The Virginia Department of Corrections said that Muhammad's attorneys are planning to meet with him this afternoon, and that he does not have a spiritual advisor.
Muhammad's attorneys released a statement stating they respected the decisions of the Supreme Court and the Governor to not stay the execution, but added, "In its effort to race John Allen Muhammad to his death before his appeals could be pursued, the state of Virginia will execute a severely mentally ill man who also suffered from Gulf War Syndrome the day before Veterans Day."
Muhammad, 48, was executed for killing Dean Harold Meyers at a gas station in northern Virginia. He and his accomplice, Lee Boyd Malvo, also were suspected of fatal shootings in Louisiana, Alabama and Arizona.
Prosecutors chose to put Muhammad and Malvo on trial in Virginia first because of the state's willingness to execute killers. He and Malvo were also convicted of six other murders in Maryland and both were sentenced to six life terms.
The death penalty was later ruled out for Malvo because the U.S. Supreme Court barred the execution of juveniles, who was 17 during the killing spree.

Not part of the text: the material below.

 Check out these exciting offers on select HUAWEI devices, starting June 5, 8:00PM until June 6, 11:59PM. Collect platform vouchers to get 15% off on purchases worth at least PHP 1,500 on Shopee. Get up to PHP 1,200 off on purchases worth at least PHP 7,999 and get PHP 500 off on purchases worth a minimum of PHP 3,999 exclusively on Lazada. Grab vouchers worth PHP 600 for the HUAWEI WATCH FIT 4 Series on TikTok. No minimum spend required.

Lawyers See John Allen Muhammad's Humanity
The Sniper's Victims
Profiles of the Snipers
Map: The 2002 Killing Spree
Photos: The Maryland Trial
Photos: The Virginia Trial
The motive for the shootings in the nation's capital region remains murky. Malvo said Muhammad wanted to use the plot to extort $10 million from the government to set up a camp in Canada where homeless children would be trained as terrorists. But Muhammad's ex-wife has said she believes the attacks were a smoke screen for his plan to kill her and regain custody of their three children.
Muhammad has never testified or explained why he directed the attacks that terrorized the Washington region, with victims gunned down while doing everyday chores. People stayed indoors, and those who had to go outside weaved as they walked or bobbed their heads to make themselves less of a target.

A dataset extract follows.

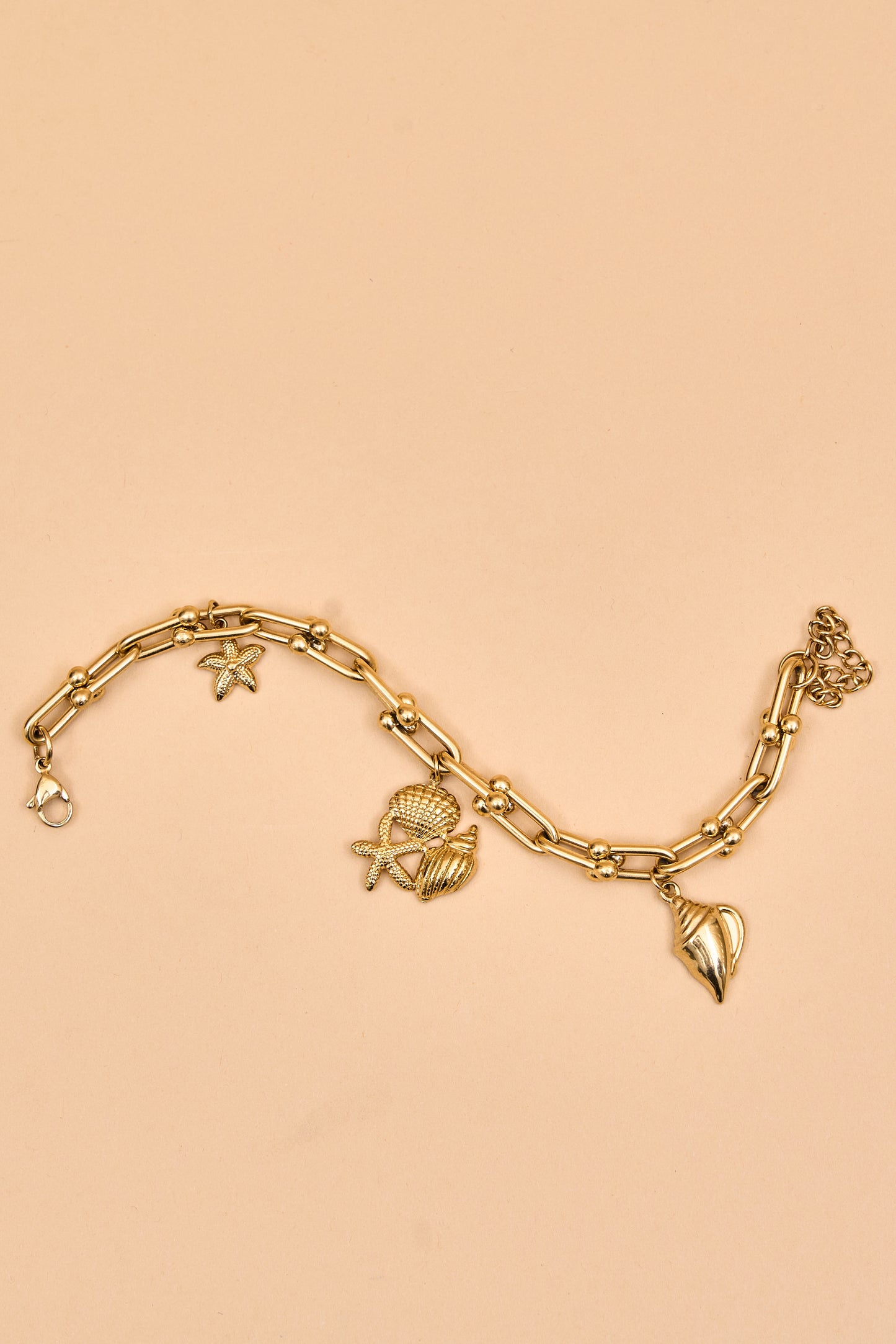 Gold charm bracelet with ocean-inspired accents.

The terror ended Oct. 24, 2002, when police captured Muhammad and Malvo as they slept at a Maryland rest stop in a car they had outfitted so a shooter could hide in the trunk and fire through a hole in the body of the vehicle.
Assistant Chief Drew Tracy, who led the SWAT team response to the sniper shootings for the Montgomery County, Md., police department, vividly recalled the takedown of Muhammad and Malvo for CBS News Justice and Homeland Security correspondent Bob Orr.
"I walked over towards Muhammad, and when I looked at him he had a look about him that was just pure evil," Tracy told Orr.
"If he's put to death, does that matter?" Orr asked.
"In this situation, yes," Tracy said.
Sniper victim Paul LaRuffa agreed.
"If you're going to have a death penalty, he certainly deserves it," LaRuffa told Orr.
LaRuffa was left for dead a month before the sniper shootings began. He said Muhammad shot him five times at point blank range and stole his computer and $3,500, money that would be used to finance the coming carnage.
"I was hit through (my) arm," LaRuffa told Orr. "I was hit in the chest, the stomach, the diaphragm and my spine."
But he says he has no interest in watching Muhammad die.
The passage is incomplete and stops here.